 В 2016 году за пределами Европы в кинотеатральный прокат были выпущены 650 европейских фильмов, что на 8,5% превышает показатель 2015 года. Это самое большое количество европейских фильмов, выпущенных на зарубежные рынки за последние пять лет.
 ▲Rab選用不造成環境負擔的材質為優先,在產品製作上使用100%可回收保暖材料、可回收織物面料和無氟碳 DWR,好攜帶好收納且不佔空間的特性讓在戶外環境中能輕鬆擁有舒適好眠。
□ □ □ □ □
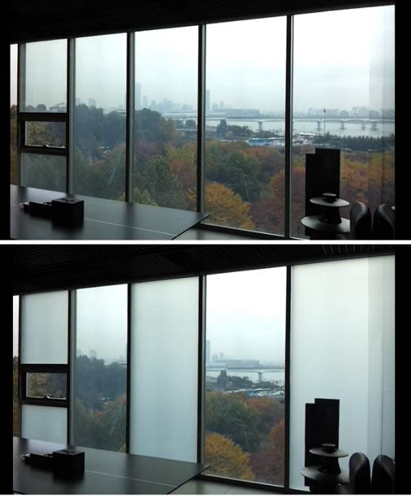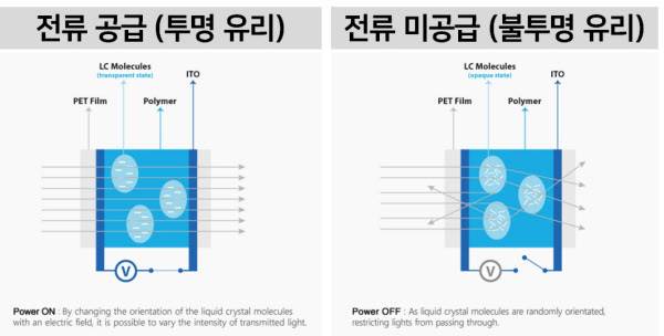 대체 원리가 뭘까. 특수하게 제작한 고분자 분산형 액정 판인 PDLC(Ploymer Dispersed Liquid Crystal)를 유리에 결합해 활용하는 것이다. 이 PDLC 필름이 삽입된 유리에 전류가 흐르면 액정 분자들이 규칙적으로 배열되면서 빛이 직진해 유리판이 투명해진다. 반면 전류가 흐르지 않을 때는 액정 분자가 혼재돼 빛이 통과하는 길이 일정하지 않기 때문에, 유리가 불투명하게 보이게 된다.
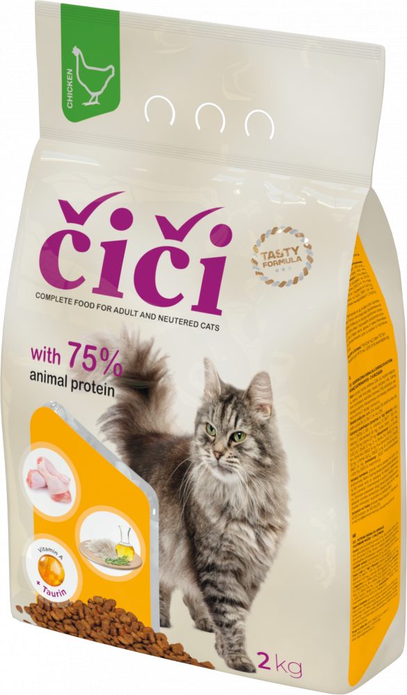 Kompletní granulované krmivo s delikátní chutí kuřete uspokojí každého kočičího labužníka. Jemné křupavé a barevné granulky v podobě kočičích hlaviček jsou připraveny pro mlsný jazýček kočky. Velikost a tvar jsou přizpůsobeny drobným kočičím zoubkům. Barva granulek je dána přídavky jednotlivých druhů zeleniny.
□ □ □ □ □
ASSIGNMENT
No picture is to be printed. Output exactly the lines above from the line containing "대체 원리가 뭘까. 특수하게" through the line containing "Kompletní granulované krmivo".

ANSWER TO THE PROBLEM
 대체 원리가 뭘까. 특수하게 제작한 고분자 분산형 액정 판인 PDLC(Ploymer Dispersed Liquid Crystal)를 유리에 결합해 활용하는 것이다. 이 PDLC 필름이 삽입된 유리에 전류가 흐르면 액정 분자들이 규칙적으로 배열되면서 빛이 직진해 유리판이 투명해진다. 반면 전류가 흐르지 않을 때는 액정 분자가 혼재돼 빛이 통과하는 길이 일정하지 않기 때문에, 유리가 불투명하게 보이게 된다.
 Kompletní granulované krmivo s delikátní chutí kuřete uspokojí každého kočičího labužníka. Jemné křupavé a barevné granulky v podobě kočičích hlaviček jsou připraveny pro mlsný jazýček kočky. Velikost a tvar jsou přizpůsobeny drobným kočičím zoubkům. Barva granulek je dána přídavky jednotlivých druhů zeleniny.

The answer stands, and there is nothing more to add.